On 10th October the Iranian teacher and poet received the International Writer of Courage Award 2017
which is presented “to an international writer who defends freedom of expression, often risking their own safety.” The prize-giving ceremony of the PEN Pinter Prize, established in 2009 in memory of Harold Pinter, was held at the British Library in London.
In keeping with tradition, the winner of the Pinter Prize 2017, the Irish poet and academic Michael Longley, chose the recipient of the prestigious accolade.
Mahvash Sabet was released last month after spending nearly a decade in Evin maximum security prison, northwest of Tehran, after being sentenced to twenty years for belonging to the Baha’i religion, as always considered by the Iranian regime an “enemy of Islam”.
Sabet started to write in jail, where she lived in terrible conditions, subjected to violence and torture.

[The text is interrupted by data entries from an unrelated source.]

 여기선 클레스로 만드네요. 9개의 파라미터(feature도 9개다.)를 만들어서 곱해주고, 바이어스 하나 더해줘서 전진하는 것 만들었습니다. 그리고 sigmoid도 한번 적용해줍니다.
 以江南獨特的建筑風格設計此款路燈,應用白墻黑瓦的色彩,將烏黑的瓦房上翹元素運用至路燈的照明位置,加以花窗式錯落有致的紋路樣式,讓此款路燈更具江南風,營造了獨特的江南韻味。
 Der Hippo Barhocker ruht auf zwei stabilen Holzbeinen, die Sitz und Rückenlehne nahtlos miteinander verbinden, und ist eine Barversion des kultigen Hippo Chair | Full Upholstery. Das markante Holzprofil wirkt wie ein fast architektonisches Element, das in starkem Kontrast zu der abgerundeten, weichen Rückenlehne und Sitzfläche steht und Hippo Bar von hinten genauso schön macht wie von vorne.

Thanks to some intermediaries, she managed to get her writings out of cell no. 209. In 2013, her first collection, Prison Poem, was translated and published in Britain. It tells of the intense inner experience of a woman deprived of her freedom.

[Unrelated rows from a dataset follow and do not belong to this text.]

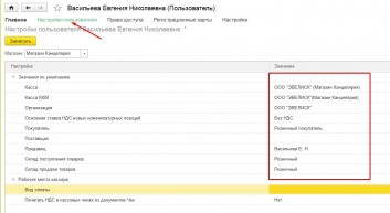 Переходим в Настройки пользователя! И задаем значение настроек, что бы продавцу не приходилось задавать в документах продажи эти данные. Каждому продавцу могут быть назначены разные настройки, в зависимости от его мета работы или функций в магазине.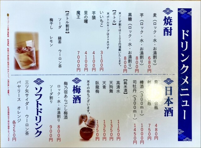 「生ビールジョッキ(税込¥680)」「ウーロン茶(税込¥250)」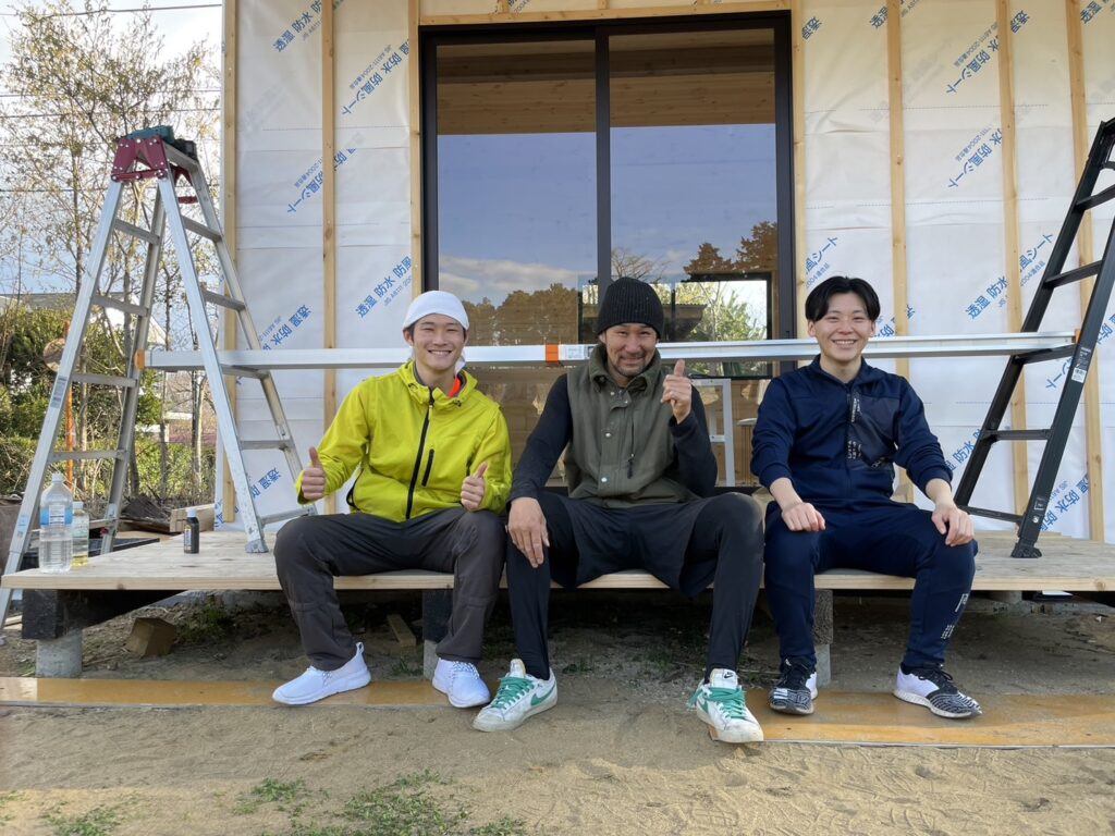 現在、レアーレグラウンドの移動式管理棟作りが進行中ですが、FCレアーレ卒業生のマサ君とケイスケ君が休日を返上して、わざわざ手伝いに来てくれました。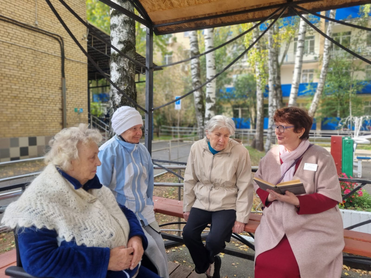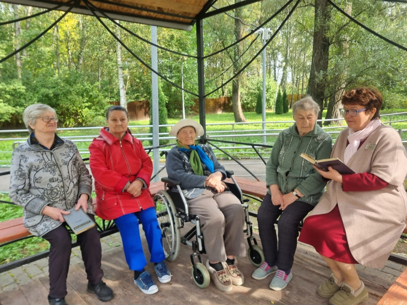 «Очень жду этих встреч в беседке! И погода прекрасная, и книгу интересную нам Эльвира подбирает. После таких чтений на душе становится так светло и спокойно, будто с хорошими друзьями поболтал. Спасибо за такую заботу!» — Валентина Ивановна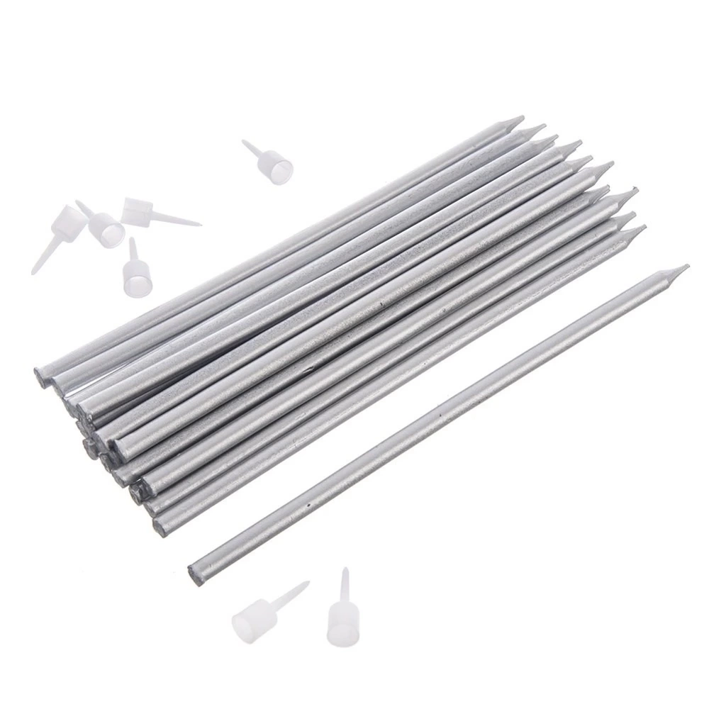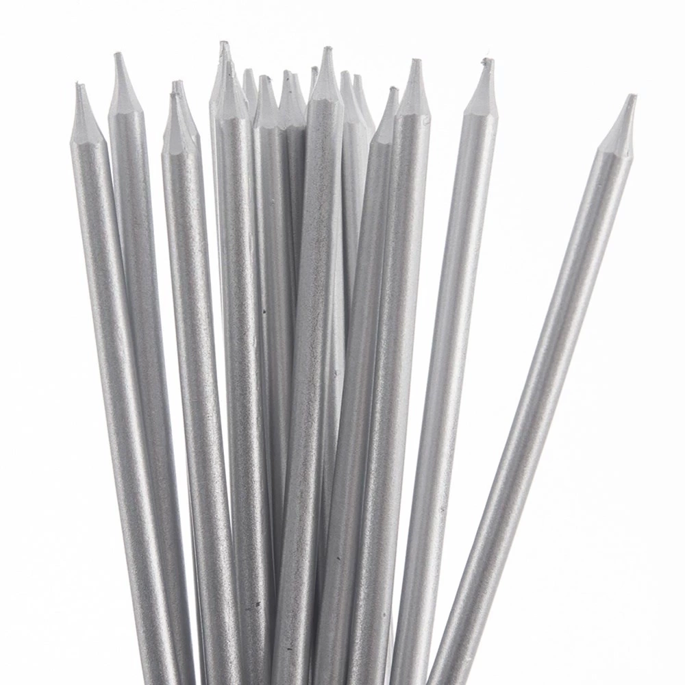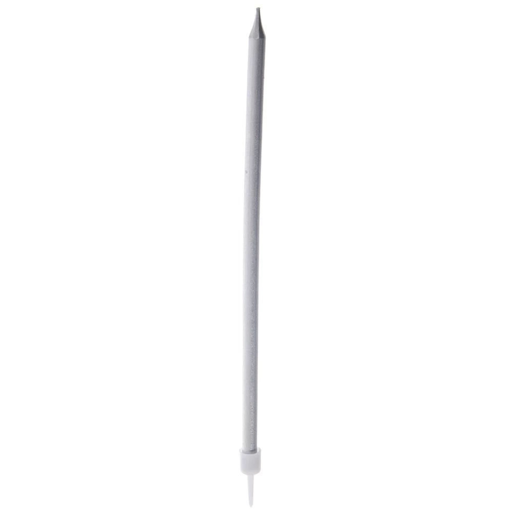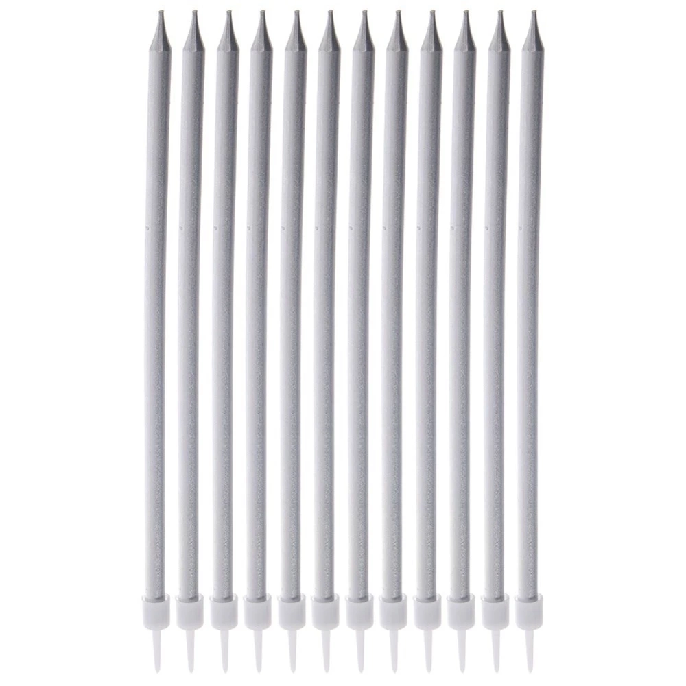 - Zestaw 12 długich świeczek do tortu wraz z podstawkami, które zapewnią im stabilność. Świeczki mają długość 14,5 cm i są w kolorze srebrnym.

Michael Longley declared, “I am humbled to share the PEN Pinter Prize with Mahvash Sabet… a songbird trapped in a cage. Mahvash is at heart a lyrical poet who sings the beauty of the world. Her imagination is rhapsodic. Her poems want to soar. I rejoice that she has been released from prison. Her incarceration by the Iranian authorities was a sin against the light. The power of dictators to silence and imprison writers continues to ‘put all heaven in a rage’”.